MultiCloud management solutions landscape – what is right for you?

Industry is adopting multicloud strategy at a rapid pace for reasons such as avoiding vendor lock-in or utilizing best of breed features of different clouds. Amazon Web Services (AWS), Google Cloud Platform (GCP), and Microsoft Azure remain top three clouds in cloud infrastructure and platforms services category (referred as public clouds in this article). At the same time, other public clouds such as Alibaba Cloud, IBM Cloud, Oracle Cloud Infrastructure (OCI) are catching up fast.

While organizations plan to have two or more public clouds, many of them have on-premise presence also. With multiple cloud platforms including hybrid cloud, there is increased need for consistent management and governance of all cloud platforms. To take advantage of this opportunity, many vendors including cloud providers are offering multicloud management solutions. At the same time, management and governance implementation is very specific to organization’s org structure, internal systems, and controls. You need to carefully identify which solutions can meet your needs.

This article helps you in that identification. It explores different feature areas of multicloud management solutions and provides considerations and optimal ways to implement those features in different contexts.

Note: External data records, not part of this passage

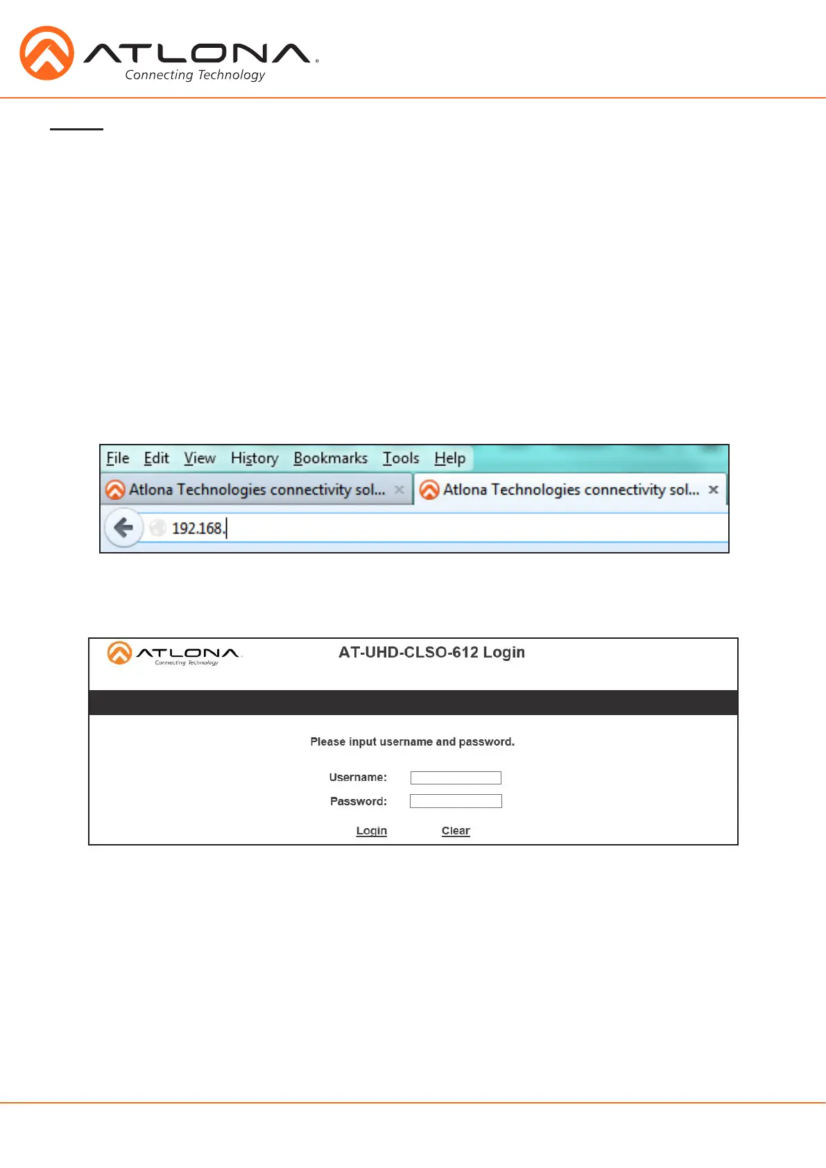 To begin, connect the LAN port of the CLSO-612 to your network. Type the IP address of the CLSO-
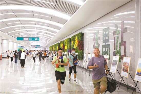 12:00,番禺站等候进闸体验首趟车的乘客排了超过100米的队伍。不少乘客感叹,番禺站最直观的感受就是大,“一眼望不到尽头”。据了解,该车站主体长1194米,站房建筑面积相当于11座标准地铁站。
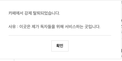 그리고 나는 그 카페에서 2020.07.24. 17:45에 강제탈퇴가 되었다.
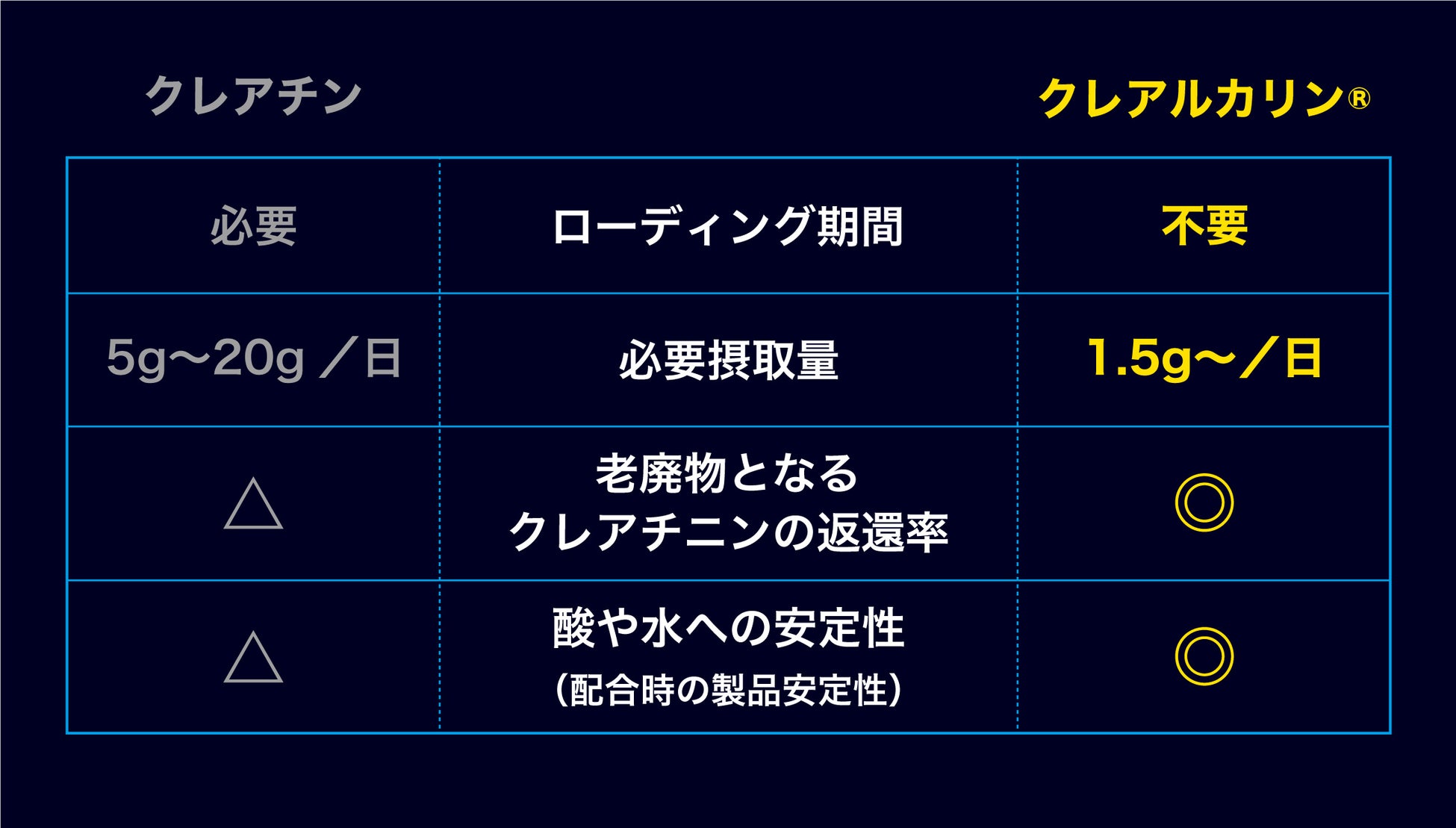 クレアルカリン®は胃酸の影響を受けずに体にやさしく「クレアチン」として吸収。多量の水やローディング期間を必要とせず、安定した量(1.5g/日)を摂取することができます。
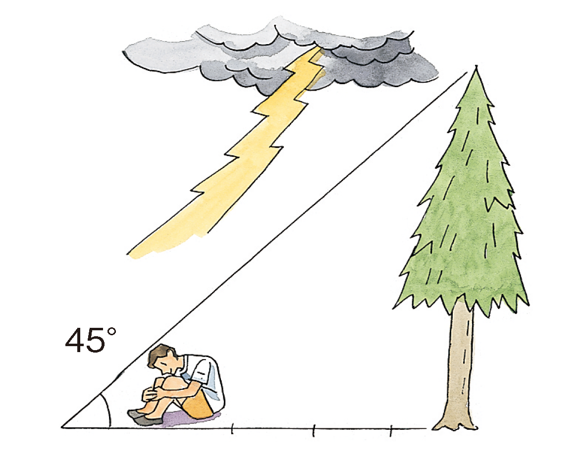 木の側(cè)は側(cè)撃を受ける危険性が高い。ただし、1本だけ木が立っているような場(chǎng)所では、木の幹、枝先、葉先から2m以上離れ、さらに木のてっぺんを45度以上の角度で見上げる範(fàn)囲內(nèi)で姿勢(shì)を低く保てば、側(cè)撃を受ける可能性は低くなります。
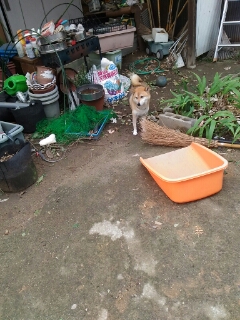 さて、台風一過で外に出た柴犬さくら…
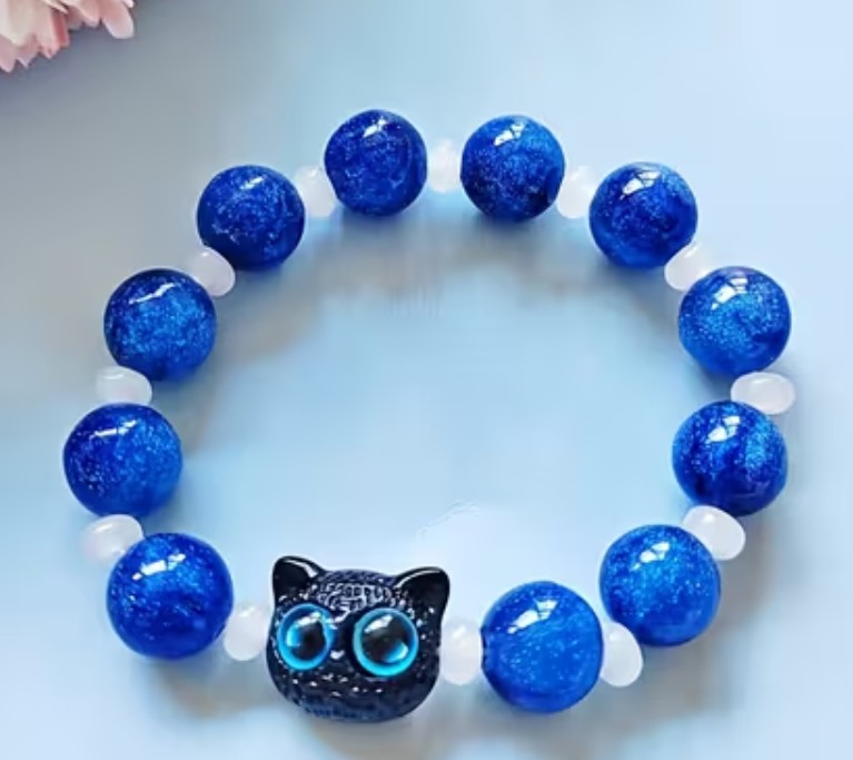 Kuličkový náramek s černou kočkou. Náramek kočka je skvělý doplněk na ruku milovníka koček.
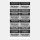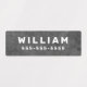 Waterproof property labels with customizable name and telephone number on light to dark gray, rough cocrete backgrounds. Great for labelling your children's belongings
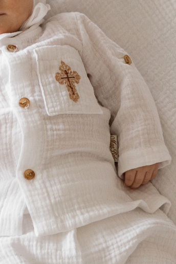- Распашонка с длинным рукавом, на завязках. Впереди вышивка с церковной символикой
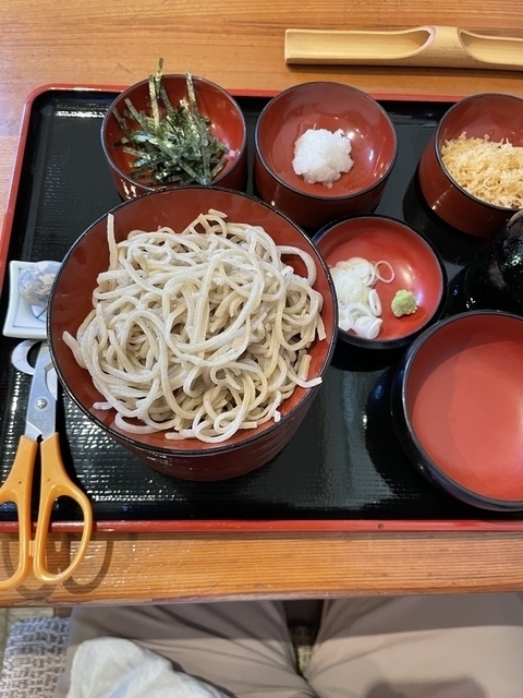 そばざんまい 1100円 色々なトッピングで味わえます。刻みのり、大根おろし、天かす、うずらの卵(カット専用ハサミ付き) お昼時は混むことが多いのですよ!

Types of multicloud management solutions

As per Gartner (see reference in the next section), there are more than 90 vendors that offer multicloud management solutions (MCMS). Many of these solutions not only work across public clouds, but also work with hybrid clouds. This article categorizes multicloud management solutions in the following three areas.

Cloud Management Platforms (comprehensive solutions) from cloud agnostic vendors

Comprehensive multicloud management solutions from vendors, who do not provide their own cloud. These solutions are generally addressed as Cloud Management Platforms (CMP) as they support wide range of features for multi cloud management. For example, Flexera CMP, Scalr CMP, Morpheus CMP. Key characteristics of these solutions are:

  • They support most major cloud providers (and at least top providers: AWS, Azure, GCP)
  • They support most features expected from a Multi Cloud Management Platform (MCMP)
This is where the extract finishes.